Only the lines from the one containing "新作 セール シャツ ブラウス" through the one containing "Фурнитура для бижутерии" should be printed, exactly as they appear below, with both ends included.

DATA FOR THE TASK
= Beginning of Section =

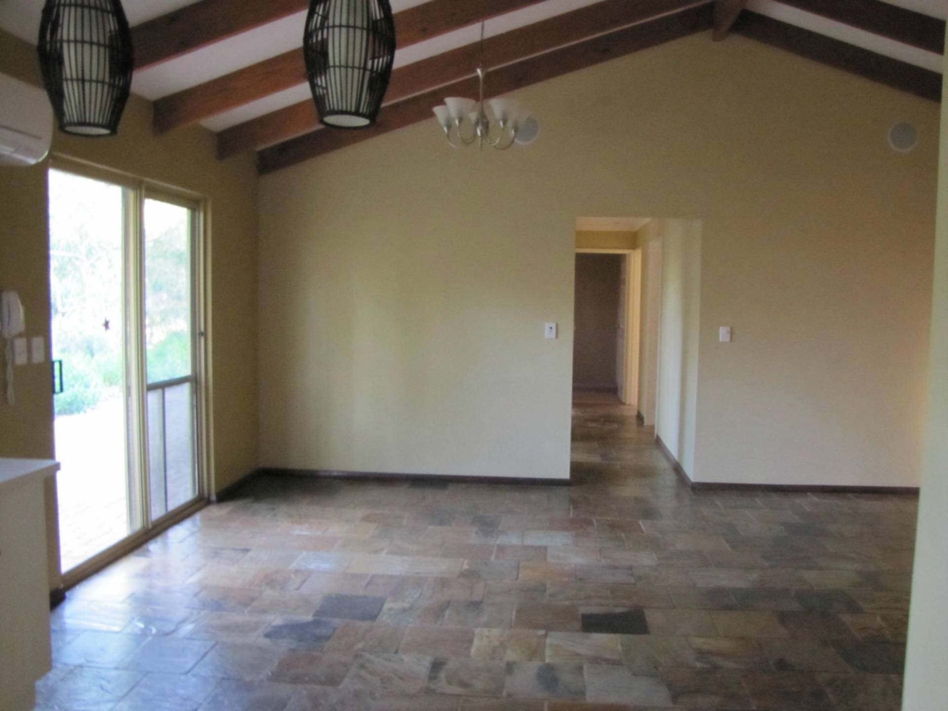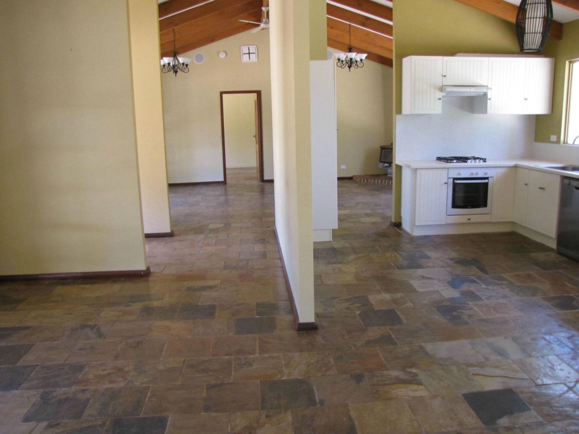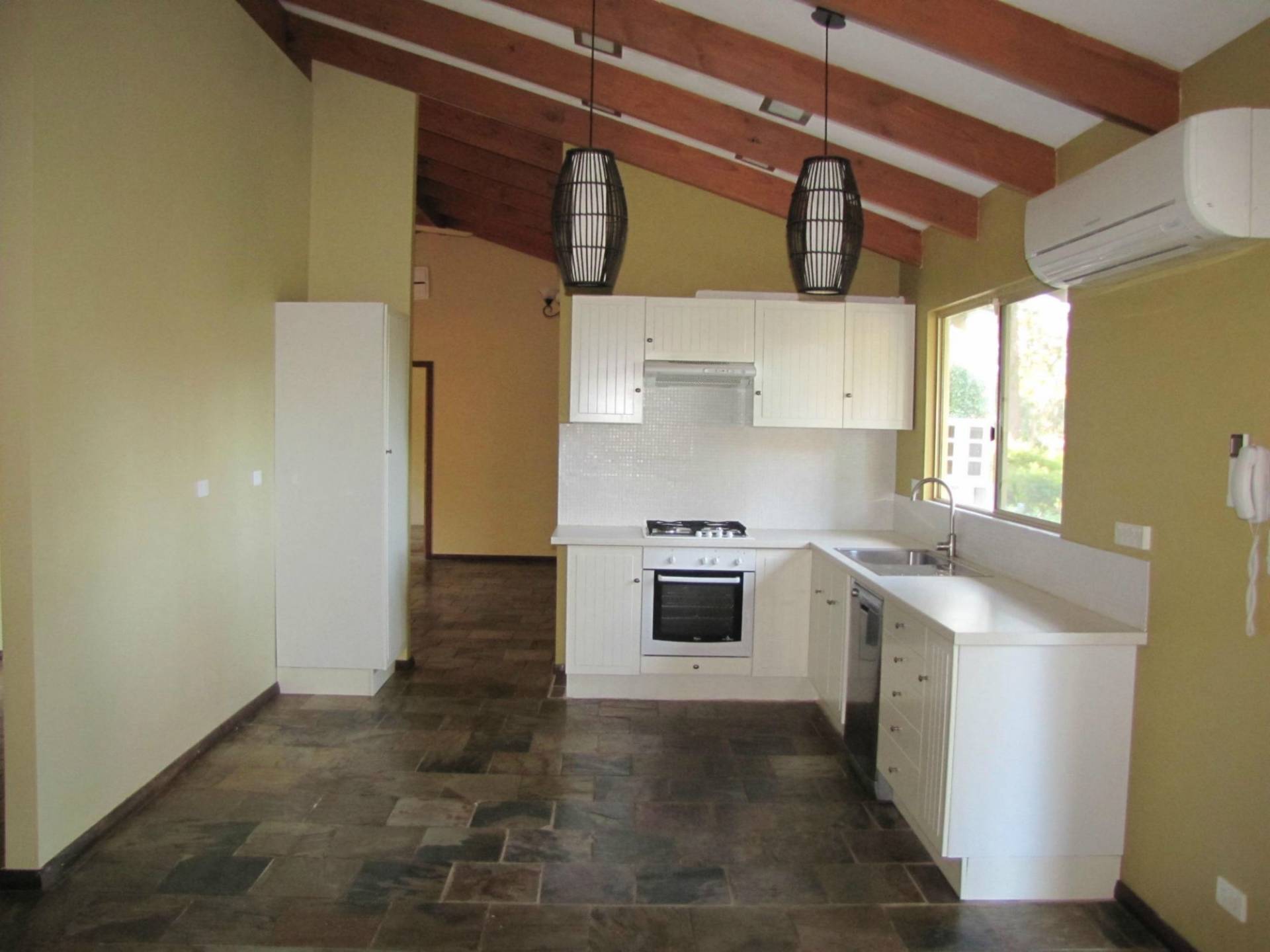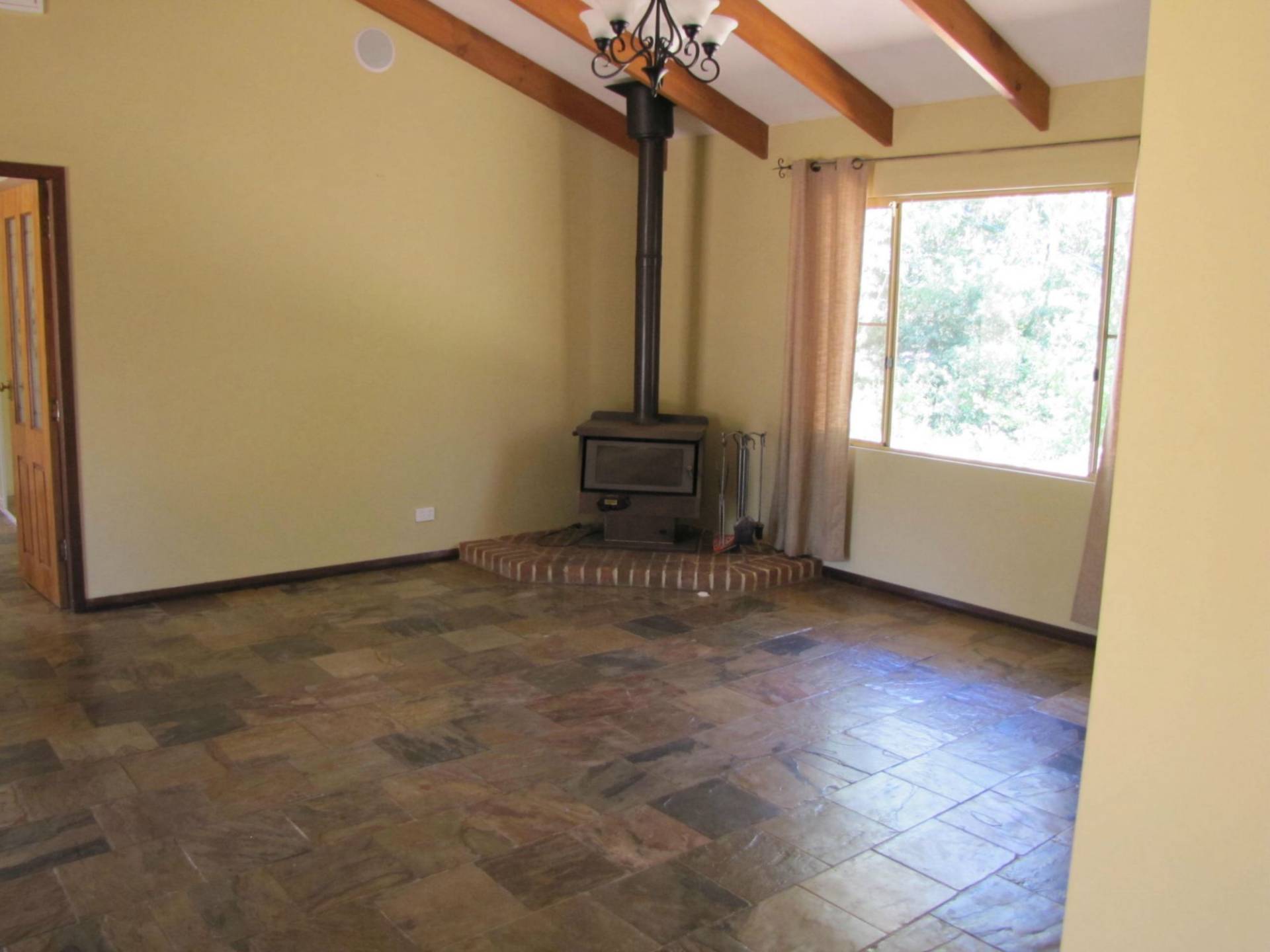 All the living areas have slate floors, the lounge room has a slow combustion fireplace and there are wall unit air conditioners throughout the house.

= End of Section =
= Beginning of Section =

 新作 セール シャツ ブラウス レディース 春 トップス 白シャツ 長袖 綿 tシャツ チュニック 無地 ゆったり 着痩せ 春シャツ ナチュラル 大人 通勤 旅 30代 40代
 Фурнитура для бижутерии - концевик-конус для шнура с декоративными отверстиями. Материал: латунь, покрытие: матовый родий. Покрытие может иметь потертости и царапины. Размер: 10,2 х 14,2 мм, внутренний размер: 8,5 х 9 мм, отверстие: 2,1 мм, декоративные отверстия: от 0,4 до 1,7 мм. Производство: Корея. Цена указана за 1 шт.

= End of Section =

RESPONSE BELOW
 新作 セール シャツ ブラウス レディース 春 トップス 白シャツ 長袖 綿 tシャツ チュニック 無地 ゆったり 着痩せ 春シャツ ナチュラル 大人 通勤 旅 30代 40代
 Фурнитура для бижутерии - концевик-конус для шнура с декоративными отверстиями. Материал: латунь, покрытие: матовый родий. Покрытие может иметь потертости и царапины. Размер: 10,2 х 14,2 мм, внутренний размер: 8,5 х 9 мм, отверстие: 2,1 мм, декоративные отверстия: от 0,4 до 1,7 мм. Производство: Корея. Цена указана за 1 шт.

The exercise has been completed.